Степан был полной противоположностью Павлу. Легкий, обаятельный балагур с вечной улыбкой и цыганскими глазами, он мгновенно стал душой компании механизаторов. Он пил с ними на равных, травил байки про фронт и про своих баб в трех городах, сыпал комплиментами направо и налево, а Анне уделял особое внимание — подавал стул, угощал папиросами (она не курила, но делала вид, что это мило), читал стихи под гитару по вечерам. Павел хмурился всё сильнее, видя, как его друг флиртует с девушкой, к которой он сам боялся подойти ближе чем на метр. По ночам он ворочался в своей холостяцкой постели, глядя в темный потолок, и думал: «Старый дурак, ревнуешь, как мальчишка. Она тебе никто. И Степану она никто. И вообще, не твое это дело».

***

Райком партии требовал ежедневный отчет о готовности к уборочной. Председатель Павел Сергеевич отправлял сводки каждый вечер, скрепя сердце, потому что показатели были не блестящие, но терпимые. И тут, двадцать второго августа, грянул гром.

Комбайны начали ломаться один за другим. Сначала у комбайна на первом поле отказала жатка — нож заклинило, пришлось менять сегменты. На следующий день у комбайна Петровича лопнул ремень вариатора, хотя меняли его в начале сезона. Через день у третьего комбайна потекла гидравлика, и он встал посреди поля, как вкопанный. Это было похоже не на случайность, а на целенаправленный саботаж. В правлении повисло напряжение, такое густое, что его можно было резать ножом. Подозрения падали на всех: на пьяниц-механизаторов, которых Анна пыталась усовестить, на кладовщика дядю Мишу, который выдавал запчасти неизвестно кому, на счетовода, у которого сошлись дебет с кредитом не тем местом. Но больше всего шептались о самом председателе.

— Это диверсия! — твердила Анна, изучая акты списания в бухгалтерии, сравнивая подписи и даты. Её пальцы дрожали от возбуждения, нюх дипломника учуял нестыковки. — Посмотрите, ремень меняли месяц назад! Таких износов не бывает!

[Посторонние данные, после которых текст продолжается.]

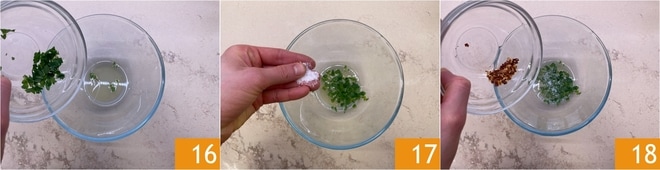 En un bol, une el jugo de limón, la menta desmenuzada 16, la sal 17 y el pimiento rojo seco 18.

— Молчи! — рявкал Павел на неё в коридоре, резко схватив за локоть и притянув к себе так, что она почувствовала запах махорки и пота. — Не хватало еще панику поднять! Если райком узнает про саботаж до того, как мы уберем хлеб, нас всех разгонят к чертовой матери! И меня, и тебя, и механизаторов, и колхоз передадут соседям! Ты этого хочешь?

Анна вырвала локоть, злая и сбитая с толку. Она не понимала, почему он скрывает саботаж вместо того, чтобы бить тревогу. Ей казалось, это трусость. Или хуже — он сам что-то скрывает.

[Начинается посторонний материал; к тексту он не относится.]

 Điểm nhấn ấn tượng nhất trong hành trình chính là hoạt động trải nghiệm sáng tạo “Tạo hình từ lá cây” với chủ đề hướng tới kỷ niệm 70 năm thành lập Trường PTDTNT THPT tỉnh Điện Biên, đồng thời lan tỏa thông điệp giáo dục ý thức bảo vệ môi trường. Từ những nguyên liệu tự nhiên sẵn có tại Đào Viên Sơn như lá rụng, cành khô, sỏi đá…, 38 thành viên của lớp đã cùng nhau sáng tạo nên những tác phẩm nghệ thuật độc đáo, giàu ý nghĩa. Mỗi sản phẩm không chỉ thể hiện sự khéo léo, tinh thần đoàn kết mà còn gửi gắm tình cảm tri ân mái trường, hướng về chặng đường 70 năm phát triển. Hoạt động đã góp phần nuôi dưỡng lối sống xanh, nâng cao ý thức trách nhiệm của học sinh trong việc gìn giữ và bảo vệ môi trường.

В один из вечеров Павел заперся в кабинете с бухгалтером Марией Ивановной, грузной женщиной в ситцевом халате, которая вела учет в колхозе со дня его основания. Они сидели там до полуночи. Анна, проходя мимо правления за почтой, видела сквозь щели в шторах их силуэты. Павел и Мария Ивановна шептались над какими-то старыми накладными, пересчитывали что-то на счетах, которые гремели при каждом движении. Павел нервно курил одну папиросу за другой, и дым клубился под потолком, а пепел падал прямо на бумаги. Анна задержалась под окном, прислушиваясь. Доносились обрывки фраз: «...две тысячи тонн...», «...акт списания подделать...», «...если узнают, нам конец...».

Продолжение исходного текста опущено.